Thursday morning, the Georgia Secretary of State’s office reported that counties were processing more than 60,000 remaining absentee ballots excluding provisional ballots, military and overseas ballots, and ballots that must be cured or corrected by Friday.

“Fast is great, and we appreciate fast. But we more appreciate accuracy,” said Georgia Secretary of State Brad Raffensperger in a press conference Thursday morning. 

 

A full tabulation of Fulton County to add to Georgia’s totals was expected by 12 p.m. local time, but Raffensperger said reporting will probably extend into Thursday evening.

While Fulton County, home to Atlanta, is well on its way to being fully reported, other Georgia counties such as Gwinnett are struggling to keep up.

There are also reports of election violations in both Fulton and Chatham counties.

Georgia Republican Party Chairman David Shafer tweeted Wednesday that workers in Fulton County prevented Republican observers from monitoring voting tabulation and ballot counting. In Chatham, home to the city of Savannah, Shafer reported that observers “watched an unidentified woman mix over 50 ballots into a stack of uncounted absentee ballots.”

These alleged violations, Shafer said, forced the Georgia Republican Party and the Trump Campaign to file a joint lawsuit against the Chatham County Board of Elections demanding that they “enforce Georgia election laws, secure lawful absentee ballots, and prevent the unlawful counting of ballots received after the election.”

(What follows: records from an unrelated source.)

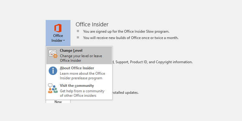 Microsoft skriver i en orientering om de nye muligheder, at man som almindelig Officer Insider automatisk deltager på det langsomste niveau, hvor man man får nye builds en gang eller to om måneden.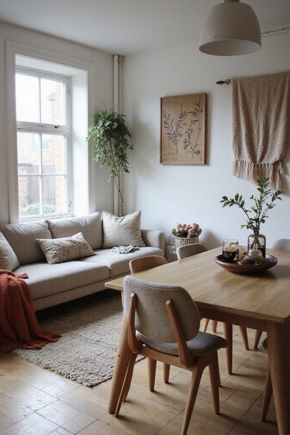 Si vous avez l’impression que votre pièce est trop petite, il faut éviter de la surcharger. Même si vous souhaitez une déco qui vous ressemble. Misez sur la simplicité et la sobriété. Vous n’êtes pas dans une galerie d’art mais à table quand vous passer du temps dedans. Vos convives devraient plus s’intéresser au contenu de leur assiette qu’à la déco de vos murs. Choisissez avec soin les éléments de votre déco et ils se suffiront à eux même: une belle suspension, des stores avec quelques détails soignés, un joli vase…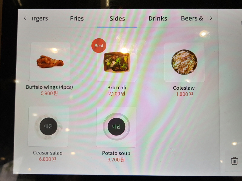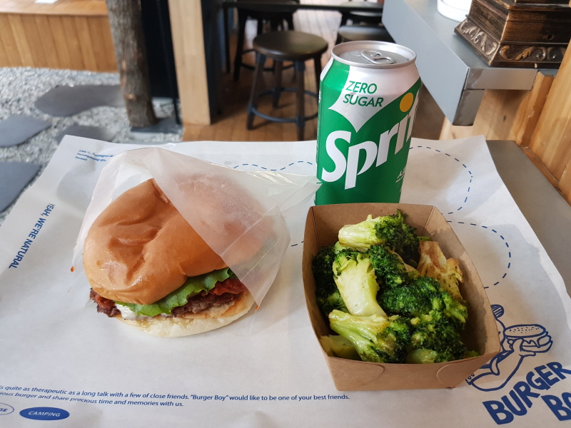 저는 버건디버거와 제로 스프라이트, 구운 브로콜리를 주문하였습니다.

According to Georgia law, ballots in counties must be received by 7 p.m. on Election Day to be valid.

“An unlawfully counted vote suppresses a lawful voter as thoroughly as if that voter was physically barred from voting at the polling place,” Shafer said in a statement released on Wednesday.

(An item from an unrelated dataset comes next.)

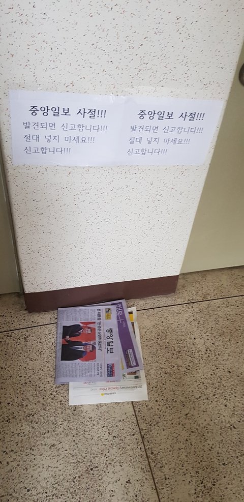 물론 집앞에 떡~허니 "중앙일보 사절"도 붙여놓았지요...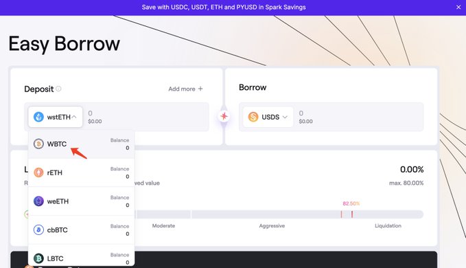 @sparkdotfi hỗ trợ vay mượn tất cả stablecoin bằng wBTC, trong đó USDC, USDT, USDS, pyUSD, v.v.

Shafer noted that the Georgia Republican Party previously filed an amicus brief opposing the New Georgia Project’s unsuccessful attempt to permit ballots received after 7 p.m. to be counted. He also signaled the Party’s intent to file more lawsuits in “as many as a dozen counties.”

While Georgia has been a historically red state, its political margins have narrowed in recent election years, with Democrats gaining ground to close the gap.

In 2016, Trump beat out former Democratic Presidential Nominee Hillary Clinton in the Peach State with 50.4 percent of the vote, just more than 200,000 votes.

Both Trump and Biden visited the state in the last month, anticipating the closeness of the race for the Southern state with the president making his final stop in Rome two days before Election Day.